|Title||INVITED SCIENTIST TUTORIAL: Midlatitude Ionospheric Physics|
|Publication Type||Conference Proceedings|
|Year of Conference||2021|
|Authors||J. Ruohoniemi, M|
|Conference Name||HamSCI Workshop 2021|
|Conference Location||Scranton, PA (Virtual)|
Abstract: The midlatitude portion of the ionosphere is located roughly between 30° and 60° magnetic latitude, where the vast majority of radio amateurs operate. The midlatitude ionosphere has historically been considered less ‘active’ than the high-latitude auroral regions or the low-latitude equatorial zone and has received less scientific attention. However, the bulk of humanity lives at these latitudes and major vulnerabilities to space weather disturbance are found there. Some will be well-known to radio amateurs operating HF communications links. Increased interest in the midlatitude ionosphere has spurred the deployment of new observational facilities such as the midlatitude component of SuperDARN and the Personal Space Weather Station. In this tutorial, Dr.
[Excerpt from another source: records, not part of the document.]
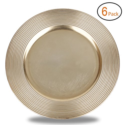 FANTASTIC :) Round 13 Inch Plastic Charger Plates with Metallic Finish (6, Multiturn Gold)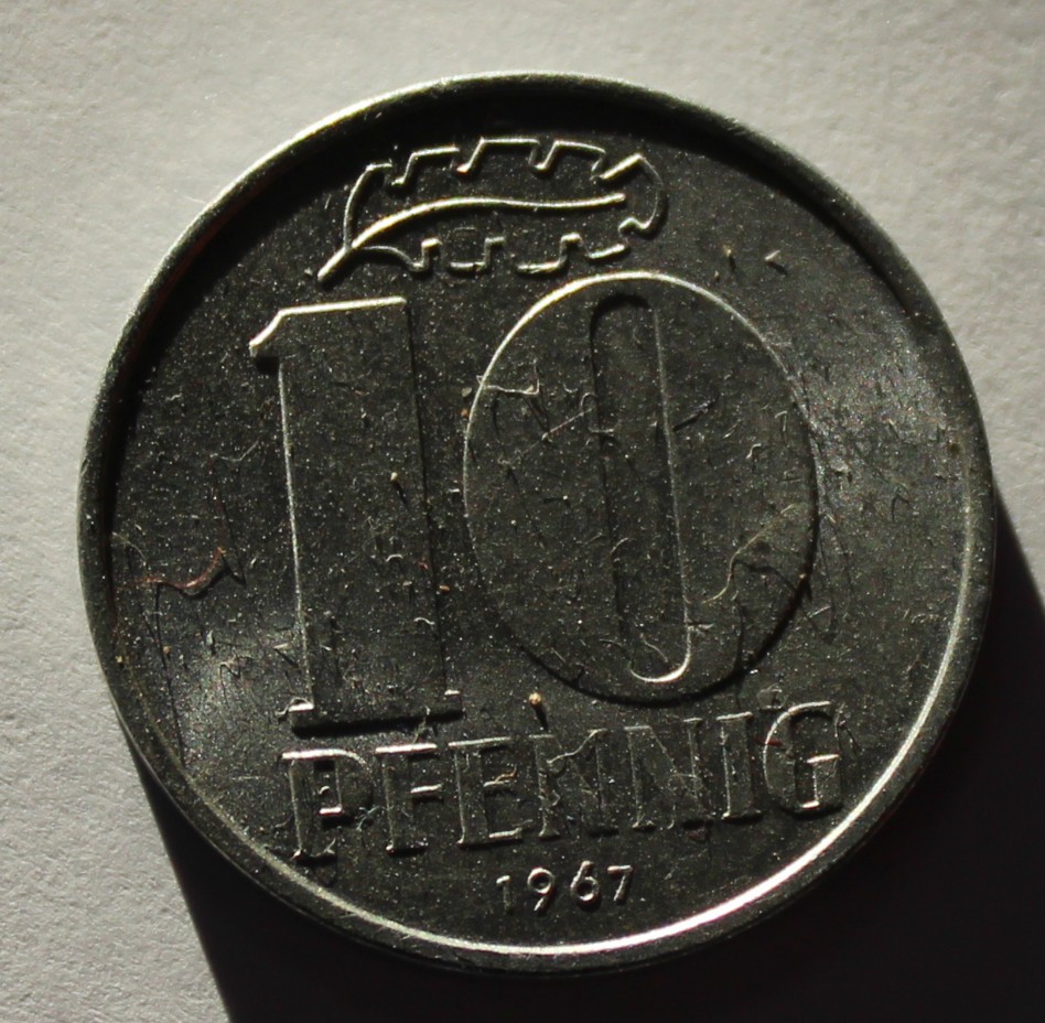 10 пфеннигов 1967г. ГДР. А, алюминий, состояние XF.
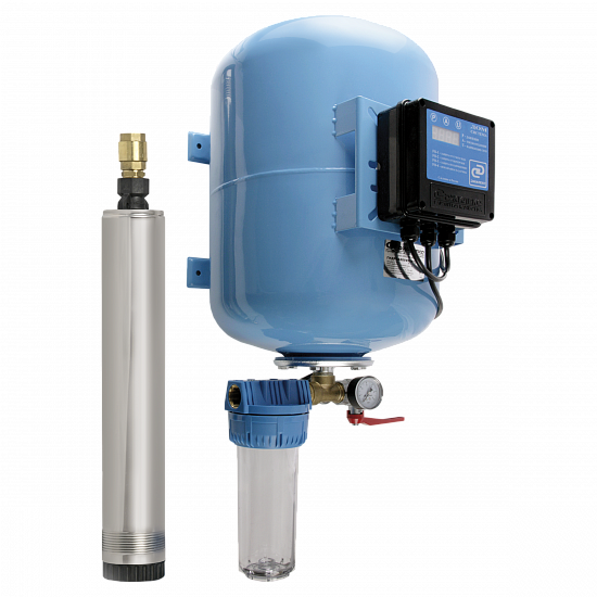 Предназначена для подачи чистой воды из скважин, колодцев и других источников. В системе установлен насос, который обладает максимальным расходом 55 литров в минуту и максимальным напором 75 метров. Он способен перекачивать воду с содержанием песка во взвешенном состоянии до 2 килограмм на кубический метр воды. Электродвигатель насоса надежно защищен от перегрева потоком омывающей его воды, что позволяет насосу работать не полностью погруженным в воду.

Ruohoniemi will present a review of the physics of the midlatitude ionosphere, discuss recent advancements and open questions at the frontiers of research, and consider means by which the amateur radio community can contribute to advancing scientific understanding and technical capabilities.
Bio: Dr. J. Michael Ruohoniemi is a professor of electrical engineering at Virginia Tech and Principal Investigator of the Virginia Tech Super Dual Auroral Radar Network (SuperDARN) Laboratory. Dr. Ruohoniemi earned his B.S. from the University of King's College and Dalhousie University, Nova Scotia in 1981 and his Ph.D. from the University of Western Ontario in 1986. After graduation he joined the team at the Johns Hopkins University Applied Physics Laboratory that developed HF radar into the SuperDARN concept to study the auroral (high-latitude) ionosphere. As a faculty member at Virginia Tech, he led a consortium of universities in building a chain of SuperDARN radars at midlatitudes across the U.S. His scientific publications now have over 9,700 citations. Today, 12 of the more than 30 radars in the SuperDARN network make continuous observations of the midlatitude ionosphere in both hemispheres, and these observations have been instrumental in advancing midlatitude ionospheric science in numerous studies.